Las Vegas Review-Journal

Stop returns of migrants at sea, pope says

- By Frances D’emilio

VATICAN CITY — Pope Francis on Sunday made a plea to end the practice of returning migrants rescued at sea to Libya and other unsafe countries where they suffer “inhumane violence.”

Francis also waded into a political debate in Europe, calling on the internatio­nal community to find ways to manage the “migratory flows” in the Mediterran­ean.

“I express my closeness to the thousands of migrants, refugees and others in need of protection in Libya,” Francis said. “I never forget you, I hear your cries, and I pray for you.”
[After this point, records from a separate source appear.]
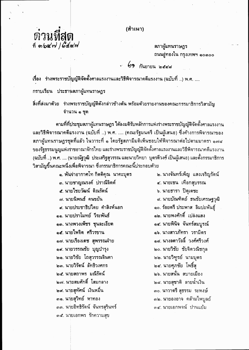 • ร่างพระราชบัญญัติจัดตั้งศาลแรงงานและวิธีพิจารณาคดีแรงงาน (ฉบับที่ ..) พ.ศ. ....
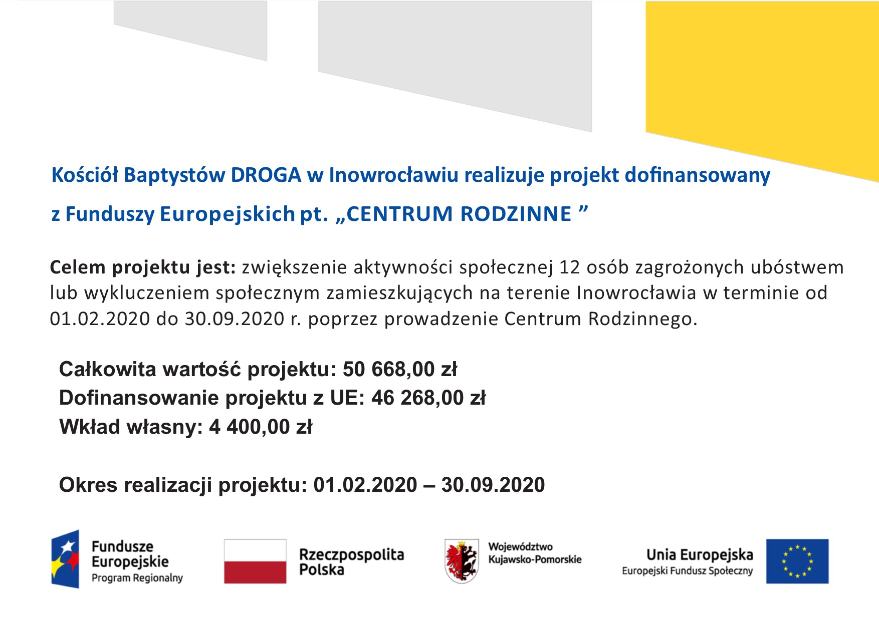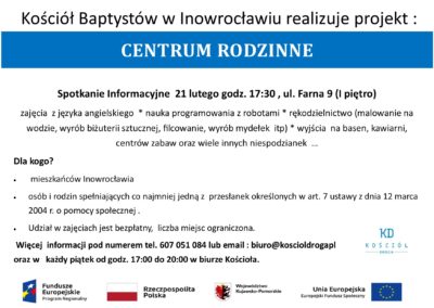 “Centrum Rodzinne” realizowane przez Zbór Kościoła Chrześcijan Baptystów w Inowrocławiu w ramach osi priorytetowej 11 Rozwój Lokalny Kierowany przez Społeczność, działanie 11.1. Włączenie społeczne na obszarach objętych LSR RPO WK-P na lata 2014-2020.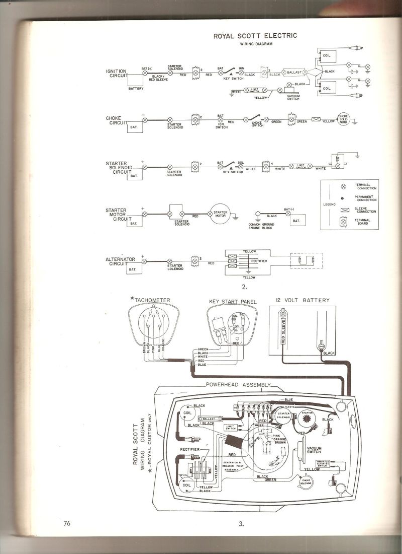 I have attached a wiring diagram for a 1961 Royal Scott and it shows the ballast resistor between the ignition switch and the positive terminals of the two coils.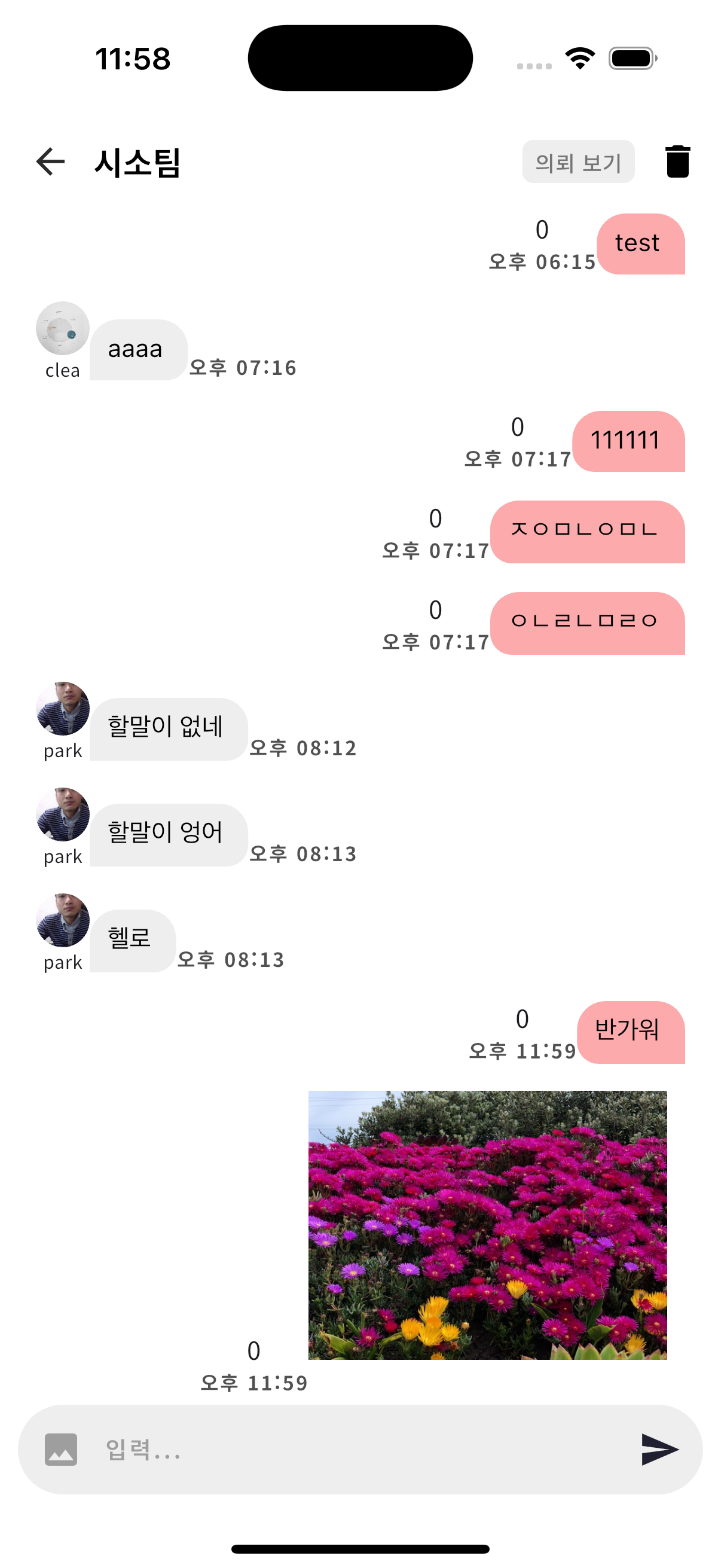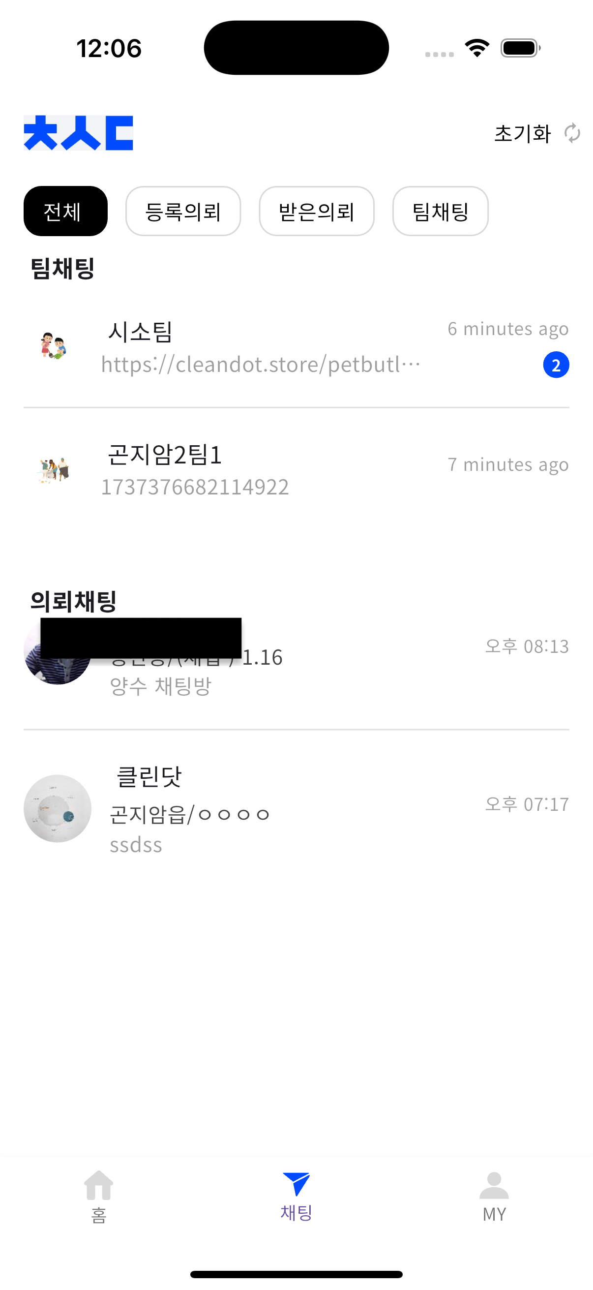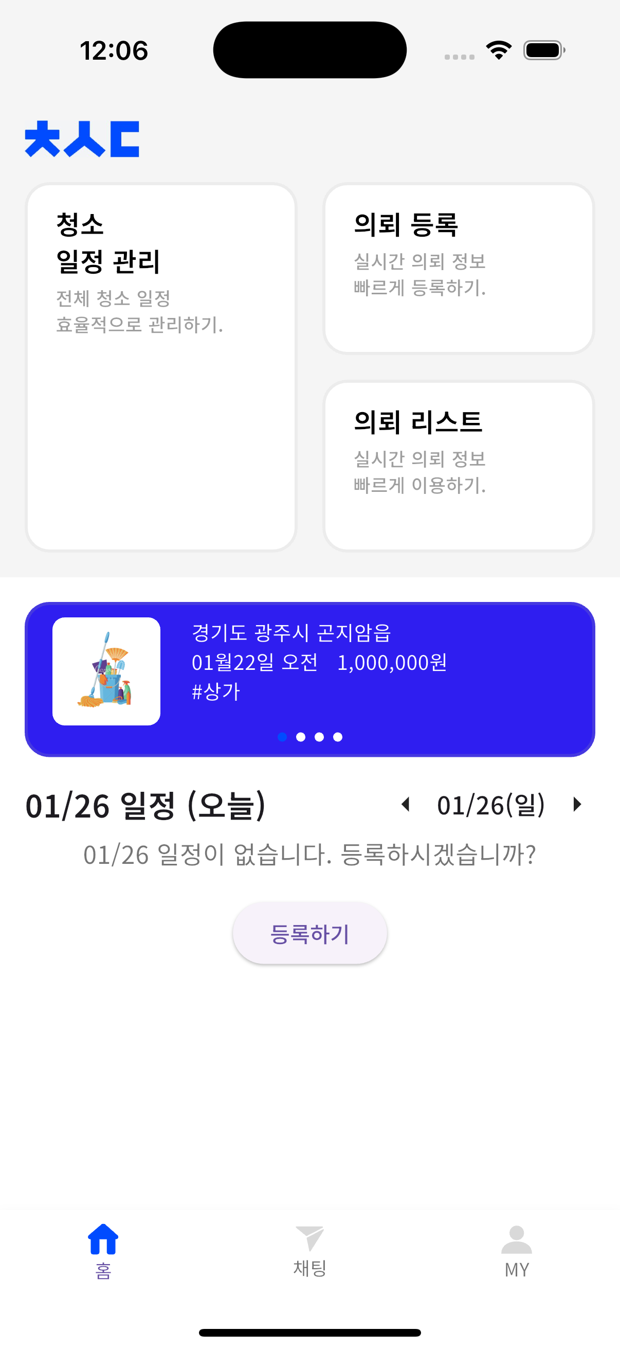 청소닷 일정관리 커뮤니앱 채팅 작업 화면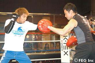 一方の金子は、シルバーウルフで公開練習を行った。魔裟斗と言葉を交わした金子は、「あとは本番までリラックスしろと言われています。時間があるので、試合のイメージトレーニングをしていますね」と好調ぶりをアピール。魔裟斗からアドバイスをしてもらったようだが、「内容は言えません(苦笑)。魔裟斗選手は尊敬するファイターなので、うまく出せればいいんですけどね」と、具体的なことはシークレットとなった。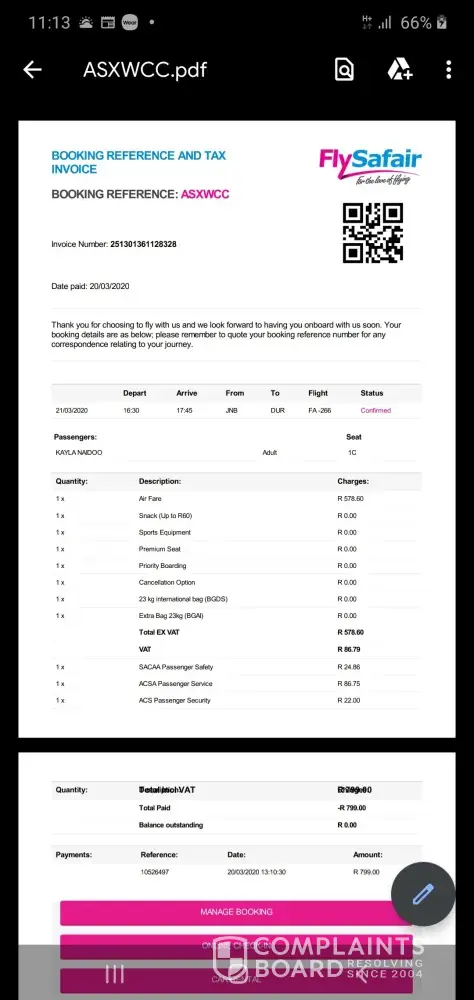 Before I go the legal route. I would like flySafair to resolve this internally.
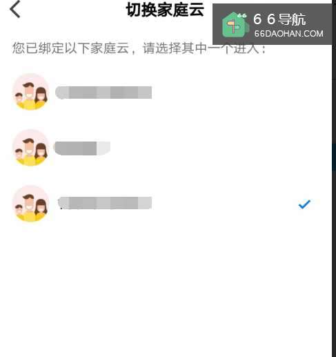 在这个页面,点击你绑定的家庭云就可以切换成功了。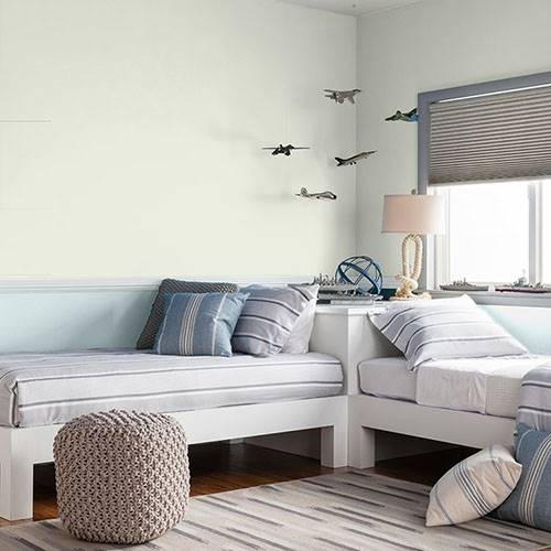 Utilisez ce jaune vif sur une cimaise. Utilisez un jaune plus pâle sur la partie supérieure du mur.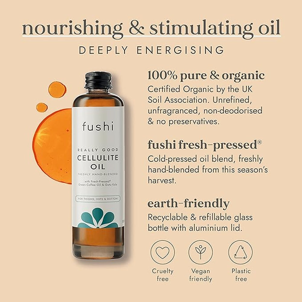 Fushi Really Good Cellulite Oil helps reduce the appearance of cellulite, boosts circulation, tones and firms and promotes smoother looking skin. It has been formulated with a potent blend of effective, stimulating and circulation-enhancing ingredients. Gotu kola, one of the most renowned Ayurveda herbs and known for its superb circulatory benefits, has been triple infused to provide triple strength. This has been combined with stimulating and diuretic green coffee bean oil, vitamin-rich, nourishing wheat germ oil, Vitamin E, detoxifying sweet birch and cleansing grapefruit essential oil. Made with over 85 percent organic ingredients and free from paraffin, BHT, benzyl salicylate artificial perfumes and colours.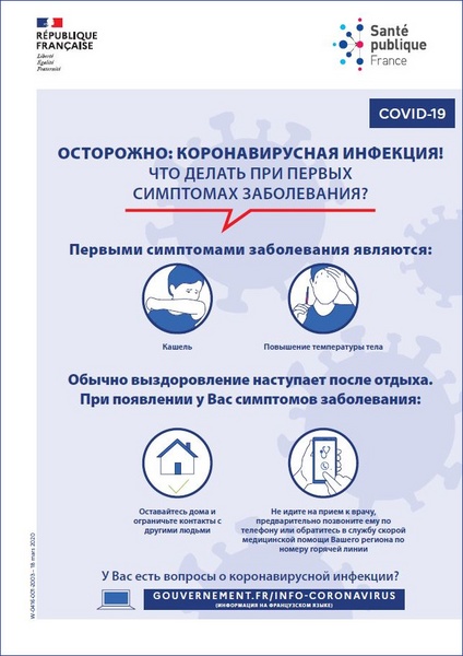 This poster in Russian illustrates the early symptoms of the coronavirus and what to do if you experience them. Title: WARNING: CORONAVIRUS INFECTION! WHAT TO DO IF YOU EXPERIENCE EARLY SYMPTOMS...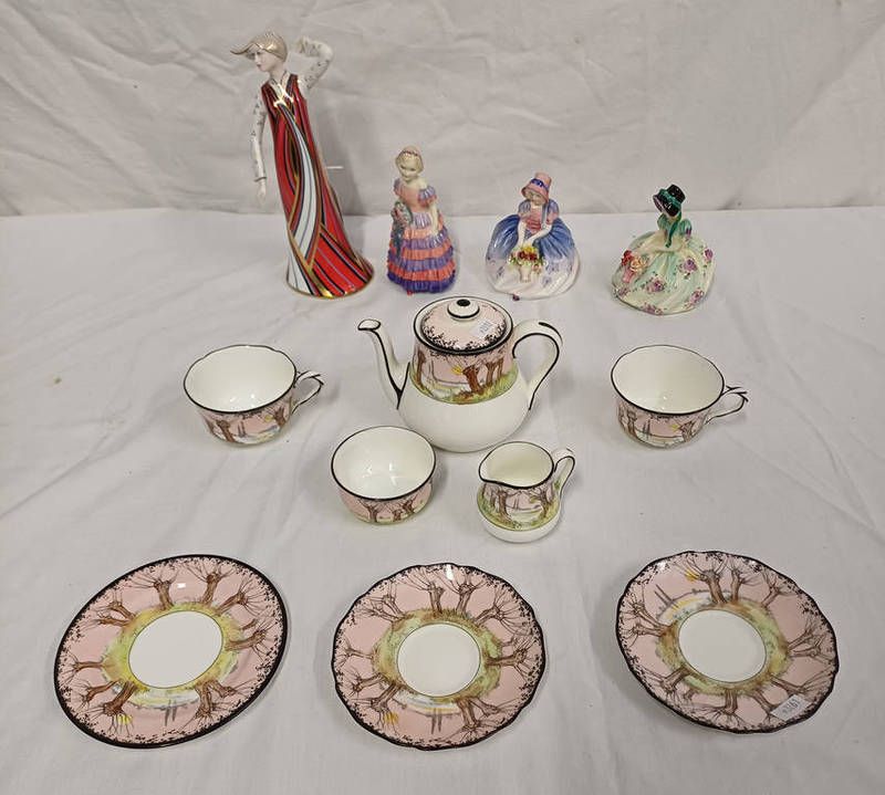 Selection of porcelain to include royal crown derby the classic collection ''penelope'', royal doulton pollard willow pattern tea for two, and 3 royal doulton figures including ''the little bridesmaid''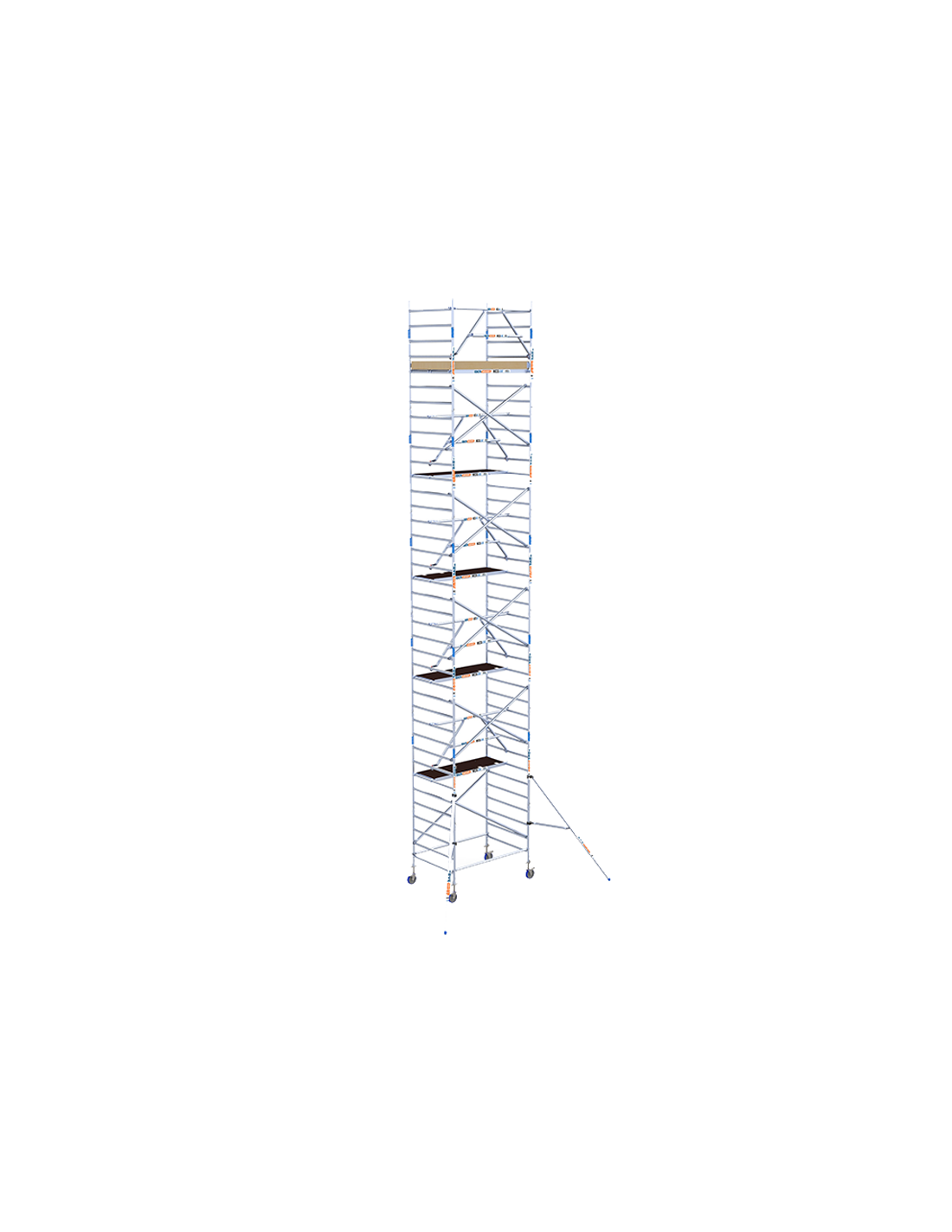 Na compra do andaime tipo torre móvel 135x190x1220 metros altura de trabalho da linha ECO EXTRA da Alumexx você está adquirindo um dos andaimes móveis de alumínio mais seguros do mercado graças ao seu corrimão, que você pode montar antes mesmo de acessar a plataforma de trabalho, evitando assim o risco de acidentes. Proteja o seu trabalho em altura graças a esta torre de andaime móvel 100% homologada e em conformidade com as normas europeias. Este modelo tem uma altura de trabalho de 12,20 metros, mas você pode estendê-la até 14,20 metros graças à sua natureza expansível.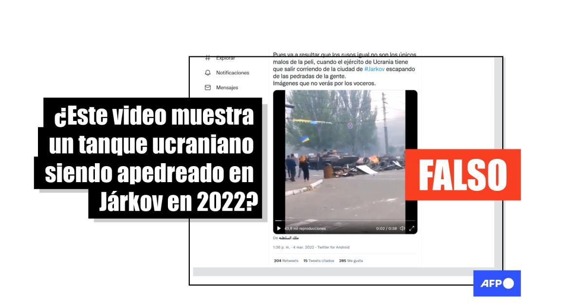 “Por qué los mismos UCRANIANOS lanzan piedras a sus tanques?? Preguntatelo”, se lee en una publicación en Facebook que incluye la secuencia, de cerca de 40 segundos. En Twitter, un usuario señala que el ejército ucraniano ha tenido que “salir corriendo” de la ciudad de Járkov “escapando de las pedradas de la gente”.

Even as the pontiff appealed for changes of migrant policy in his remarks to the public in St. Peter’s Square, hundreds of migrants were at sea in the central Mediterran­ean awaiting a port following rescue or recently coming ashore in Sicily or the Italian mainland after setting sail from Libya or Turkey, according to authoritie­s.

“We need to stop sending back (migrants) to unsafe countries and to give priority to the saving of human lives at sea with protocols of rescue and predictabl­e disembarki­ng, to guarantee them dignified conditions of life, alternativ­es to detention, regular paths of migration and access to asylum procedures,” Francis said.

U.N. refugee agency officials and rights groups have denounced the conditions of detention centers for migrants in Libya, citing torture, rape and insufficie­nt food. Migrants endure weeks and months of those conditions, awaiting passage in unseaworth­y rubber dinghies or rickety fishing boats arranged by human trafficker­s.

Hours after the pope’s appeal, the humanitari­an group Doctors Without Borders said that its rescue ship, Geo Barents, reached a rubber boat that was taking on water. It tweeted that “we managed to rescue all the 71 people on board.”